The tumult surrounding the $28,500 loan through Prosper to Syed Rizwan Farook, one of the shooters that killed 14 people, can only be called misguided.
There’s also a streak of disingenuousness coming out of bank regulators that deserves to be called out.
What is clear is that Farook, the husband in the murderous team, took out the loan via Prosper’s site “in the weeks before the shooting.” Prosper maintains that it originated the loan in accordance with federal laws:
All loans originated through the Prosper platform are subject to all identity verification and screening procedures required by law, including U.S. antiterrorism and antimoney laundering laws. As part of our standard procedures, we also confirm that all loan funds are disbursed into a verified U.S. bank account in the borrower’s name. Like all Americans, Prosper is shocked and saddened by recent events in San Bernardino.

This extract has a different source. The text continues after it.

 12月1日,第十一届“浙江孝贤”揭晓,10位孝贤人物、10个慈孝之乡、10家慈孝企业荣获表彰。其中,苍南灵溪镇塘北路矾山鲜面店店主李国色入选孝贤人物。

It turns out that it was Citigroup that funded the loan through Prosper, according to The Wall Street Journal.
A subsidiary of Citigroup called CIGPFI Corp. in October packaged Prosper loans into a $376-million security. These packages make it possible for pension funds, insurance companies and other large investors to get into the fast-growing field of online lending.
There is no surprise here. The dirty little secret around marketplace lending is that it has become an asset conduit for Wall Street. There’s nothing “innovative” about marketplace lending any longer: these are high-coupon credits to which Wall Street has wizened up.

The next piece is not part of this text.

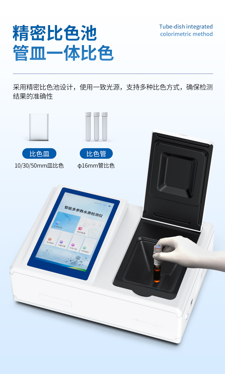 3、采用精密比色池設計,使用光源一致,可以解決由于光源誤差帶來的檢測結(jié)果誤差問題,檢測結(jié)果更加精準。

But what is surprising is the reaction of federal regulators. Here’s what one told The Wall Street Journal:
A spokesman for FinCEN, the Treasury unit that collects suspicious activity reports, said, federal law prohibits the agency from commenting publicly about the existence, or non-existence, of any suspicious activity reports. “We will certainly be appropriately responsive to inquiries from Congress, and we will continue to work closely with our law enforcement partners as the investigation progresses,” he said.
Oh, really? The Office of Foreign Assets Control, otherwise known as OFAC, publishes its list of “Specially Designated Nationals and Blocked Persons (called the SDN List) online. It’s right here. Run a search for yourself for “Farook,” “Syed” or “Tashfeen.” Nothing comes up. Prosper, WebBank, which provides banking services to Prosper, and Citi all declined to get into the specifics of the loan because of “privacy” issues, but Prosper makes it clear in its Privacy Policy that it will share information with law enforcement when necessary.

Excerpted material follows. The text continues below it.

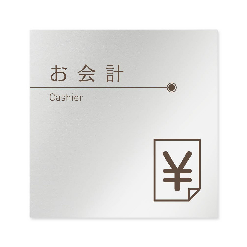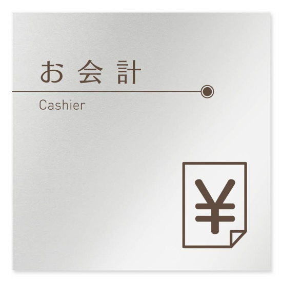 デザイナールームプレート 飲食店向け ブラウン お会計 アルミ板 W150×H150 (AL-1515-RB-KM1-0116)

We may share your information with law enforcement or other government agencies as required by law or for the purposes of limiting fraud. We reserve the right to disclose your personally identifiable information when we believe that disclosure is necessary to protect our rights and/or to comply with a judicial proceeding, court order, or legal process served on us.
If the terrorists don’t come up on the OFAC lists, what are the lenders to do? The fact that regulators do not come out and say this definitely, to absolve Farook’s lenders from culpability (as reprehensible and vulgar and saddening as the attack is), gives air to a suggestion that perhaps the lenders did something wrong. It is fueling the Congressional investigation and tainting marketplace lending. No one wants a terrorist to get funding through any means, let alone “fast and easy” online, but regulators have pushed their own obligations for enforcement on lenders. At some point, regulators need to own up to the fact that they and law enforcement failed to prevent a horrific terrorist attack, not an online lender originating credits.